Mammograms require radiation and, although it is in very small doses and results in low exposure, repeated x-rays have the potential to cause cancer. The benefits of mammography do almost always outweigh the potential harm from radiation exposure, however, you should speak with your health care provider about the need for continued x-rays. You should also be sure to disclose your potential of being pregnant with your health care provider and x-ray technician as radiation can be extremely harmful to a growing fetus.
A false-positive is when a radiologist sees an abnormality that could be a positive on an x-ray picture but there is no cancer present in reality. All mammograms that do find abnormalities should be followed up with additional testing to determine whether or not cancer is truly present.
False-positive results are most common among younger women, women with dense breasts, women with a family history of breast cancer, women who have had previous breast biopsies, and women who are taking estrogen.
False-positive mammograms can lead to anxiety and emotional and physical distress and the additional testing required to determine the presence or absence of cancer can be costly, time-consuming, and physically uncomfortable.

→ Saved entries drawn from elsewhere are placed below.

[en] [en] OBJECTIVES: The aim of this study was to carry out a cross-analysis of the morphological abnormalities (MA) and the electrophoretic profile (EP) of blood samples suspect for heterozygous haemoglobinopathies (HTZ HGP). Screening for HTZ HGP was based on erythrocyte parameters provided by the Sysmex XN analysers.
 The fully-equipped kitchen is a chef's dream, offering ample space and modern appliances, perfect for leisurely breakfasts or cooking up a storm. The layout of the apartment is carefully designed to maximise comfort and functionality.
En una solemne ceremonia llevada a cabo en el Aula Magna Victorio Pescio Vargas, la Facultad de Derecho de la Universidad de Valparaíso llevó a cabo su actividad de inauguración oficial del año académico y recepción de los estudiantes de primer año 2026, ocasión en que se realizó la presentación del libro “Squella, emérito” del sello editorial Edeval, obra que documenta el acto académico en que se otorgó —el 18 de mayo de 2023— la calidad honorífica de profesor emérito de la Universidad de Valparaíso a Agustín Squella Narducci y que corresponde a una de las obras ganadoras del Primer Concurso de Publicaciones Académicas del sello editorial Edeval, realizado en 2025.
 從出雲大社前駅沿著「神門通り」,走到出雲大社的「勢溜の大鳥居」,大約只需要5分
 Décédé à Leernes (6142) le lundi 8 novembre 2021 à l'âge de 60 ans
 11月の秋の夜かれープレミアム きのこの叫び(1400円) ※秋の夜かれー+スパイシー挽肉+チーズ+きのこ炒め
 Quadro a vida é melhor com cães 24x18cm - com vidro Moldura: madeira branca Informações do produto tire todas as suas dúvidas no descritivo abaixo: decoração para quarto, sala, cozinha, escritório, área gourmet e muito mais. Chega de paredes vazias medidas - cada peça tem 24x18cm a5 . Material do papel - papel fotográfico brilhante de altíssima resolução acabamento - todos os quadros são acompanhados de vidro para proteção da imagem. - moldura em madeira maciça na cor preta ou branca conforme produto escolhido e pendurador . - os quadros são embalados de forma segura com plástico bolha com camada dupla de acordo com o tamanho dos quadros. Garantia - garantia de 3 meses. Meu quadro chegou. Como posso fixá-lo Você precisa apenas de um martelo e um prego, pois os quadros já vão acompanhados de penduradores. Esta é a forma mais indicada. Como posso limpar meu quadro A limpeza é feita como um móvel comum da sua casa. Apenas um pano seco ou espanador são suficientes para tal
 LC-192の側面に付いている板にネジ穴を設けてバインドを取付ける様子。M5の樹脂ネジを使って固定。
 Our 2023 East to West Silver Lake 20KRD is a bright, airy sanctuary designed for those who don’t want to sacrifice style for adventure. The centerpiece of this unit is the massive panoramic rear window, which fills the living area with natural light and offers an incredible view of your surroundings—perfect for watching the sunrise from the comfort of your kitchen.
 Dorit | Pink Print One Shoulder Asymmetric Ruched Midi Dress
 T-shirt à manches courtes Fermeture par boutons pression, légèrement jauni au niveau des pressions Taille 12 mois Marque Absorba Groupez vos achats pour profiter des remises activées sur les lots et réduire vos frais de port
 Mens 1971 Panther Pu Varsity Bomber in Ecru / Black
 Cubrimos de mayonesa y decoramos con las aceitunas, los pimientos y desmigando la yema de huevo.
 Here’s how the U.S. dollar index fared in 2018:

A negative result in cancer screening means no abnormality is present. A false-negative result gives the impression that the mammogram is normal despite the fact that breast cancer is present. This occurs most frequently among women who have high breast density and younger women because as women grow older, their breasts become more fatty which makes false-negative results less likely.
A false-negative result can give a false sense of security and can delay treatment.
While implants can hide some breast tissue and therefore make it difficult for a radiologist to detect an abnormality in the mammogram images, women with breast implants should still get regular mammograms. If you have gotten implants as a result of a mastectomy, ask your doctor whether or not they recommend a mammogram of the reconstructed breast.
In either case, it is important that you let the mammography facility know that you have breast implants when you are scheduling your mammogram. This will let them know to take the necessary precautions to make sure that as much breast tissue can be seen on the mammogram as possible.